Penetrazione degli attivi: dimensione molecolare e solubilità
Non tutti gli ingredienti di una crema viso penetrano con la stessa facilità.
I fattori chimico-fisici più importanti sono la dimensione molecolare e la liposolubilità (affinità per i grassi) della molecola: in generale, molecole piccole e liposolubili attraversano più facilmente lo strato corneo, sfruttando i lipidi cutanei come via di passaggio.
Vitamine liposolubili come A ed E, per esempio, riescono a insinuarsi tra i lipidi dell’epidermide e possono raggiungere gli strati più profondi.
Al contrario, molecole idrosolubili e di grandi dimensioni (come l’acido ialuronico ad alto peso molecolare o il collagene) faticano a superare la barriera: spesso restano legate alle proteine dello strato corneo e vengono assorbite solo in minima parte.
Un principio generale in dermatologia è la “regola dei 500 Dalton”, secondo cui un composto con peso molecolare superiore a 500 Da ha scarse probabilità di penetrare attraverso la pelle.
Oltre alla dimensione, conta anche la forma: molecole molto rigide o ramificate passano con più difficoltà rispetto a molecole più flessibili di pari peso molecolare.
Anche lo stato di ionizzazione influisce: un ingrediente in forma ionica (con carica elettrica nella molecola) penetra meno rispetto alla sua forma neutra.
Ciò è legato al pH e vedremo a breve questo aspetto.
Infine, va ricordato che gran parte dell’assorbimento avviene per diffusione passiva (cioè le molecole migrano lentamente dalla zona di maggior concentrazione – la superficie della pelle – verso l’interno) secondo un gradiente di concentrazione.
Di conseguenza, solo una piccola frazione degli attivi presenti in una crema riesce effettivamente a entrare: spesso i cosmetici contengono attivi in concentrazioni molto basse (<1%) e la cute ne assorbe quantità minime, motivo per cui gli effetti richiedono tempo e costanza di utilizzo.
Ruolo di pH, temperatura e idratazione cutanea
Il pH cutaneo del viso è leggermente acido (circa 4,5–5,5) ed è un fattore spesso sottovalutato che influisce sull’efficacia dei cosmetici.
Un pH adeguato mantiene l’integrità del film idrolipidico e il microbioma cutaneo in equilibrio.
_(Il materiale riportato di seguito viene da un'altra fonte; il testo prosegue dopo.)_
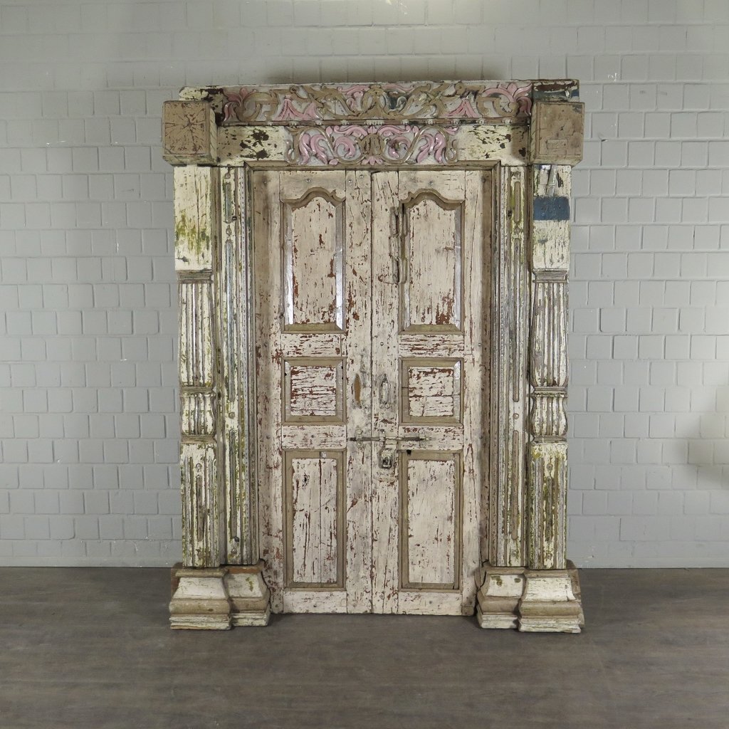 Im Originalzustand stehende Haustür hergestellt aus massiv Teakholz. Die mit den originalen Beschlägen versehene Tür befindet sich in einem guten Zustand und weist nur normale Gebrauchsspuren auf. Zerlegbar (8-teilig). Maße: Breite 1,63 m Höhe 2,25 mTiefe 0,71 m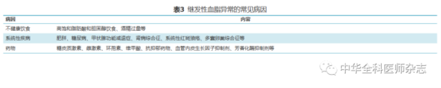 血脂异常是指血TC和/或TG水平升高,亦称为高脂血症。从临床实用角度出发可将其分为高TC血症、高TG血症和混合型高脂血症,以及低HDL-C血症。按病因分类,血脂异常包括原发性(遗传性)血脂异常和继发性血脂异常,前者包括家族性高胆固醇血症、家族性高TG血症(通常TG>10 mmol/L)等;后者通常指存在导致血清脂质和脂蛋白代谢改变的潜在疾病和代谢状态,常见病因见表3。

Se utilizziamo prodotti dal pH troppo diverso (ad esempio detergenti molto alcalini con pH superiore a 7) possiamo alterare temporaneamente la barriera, rendendo la pelle più vulnerabile o reattiva.
D’altro canto, alcuni attivi funzionano solo a determinati pH: per esempio, alfa-idrossiacidi esfolianti (come l’acido glicolico) o vitamina C (acido ascorbico) richiedono pH acidi (inferiori a 7) per rimanere nella forma non ionizzata che penetra meglio.
Formulare i cosmetici con il giusto pH serve sia a proteggere la pelle sia a massimizzare la penetrazione degli attivi.
Un altro elemento cruciale è la temperatura della pelle: una cute più calda presenta vasi sanguigni leggermente più dilatati e lipidi più fluidi, condizioni che favoriscono l’assorbimento. È noto infatti che aumentare di poco la temperatura cutanea (ad esempio applicando la crema dopo una doccia calda o un impacco tiepido) può migliorare la permeabilità cutanea e l’efficacia del prodotto.
Anche la temperatura ambientale conta: in un ambiente freddo la circolazione cutanea diminuisce e la pelle tende a disidratarsi, fattori che possono ridurre la penetrazione.
L'idratazione dello strato corneo è forse il fattore più importante: più lo strato corneo è idratato, più è permeabile. Quando la pelle è ben idratata, le cellule cornee sono meno compatte e la “malta” lipidica è più flessibile, creando micro-canali che lasciano passare meglio gli attivi. Non a caso, una pelle umida assorbe meglio la crema rispetto a una pelle completamente secca.
Al contrario, in condizioni di bassa umidità ambientale (ad esempio clima invernale freddo e secco), lo strato corneo perde acqua e si disidrata: basti pensare che con umidità relativa sotto ~20-30% la pelle diventa visibilmente più arida, desquamata e pruriginosa. In questo stato di secchezza la barriera è meno equilibrata e l’assorbimento dei cosmetici può risultare irregolare.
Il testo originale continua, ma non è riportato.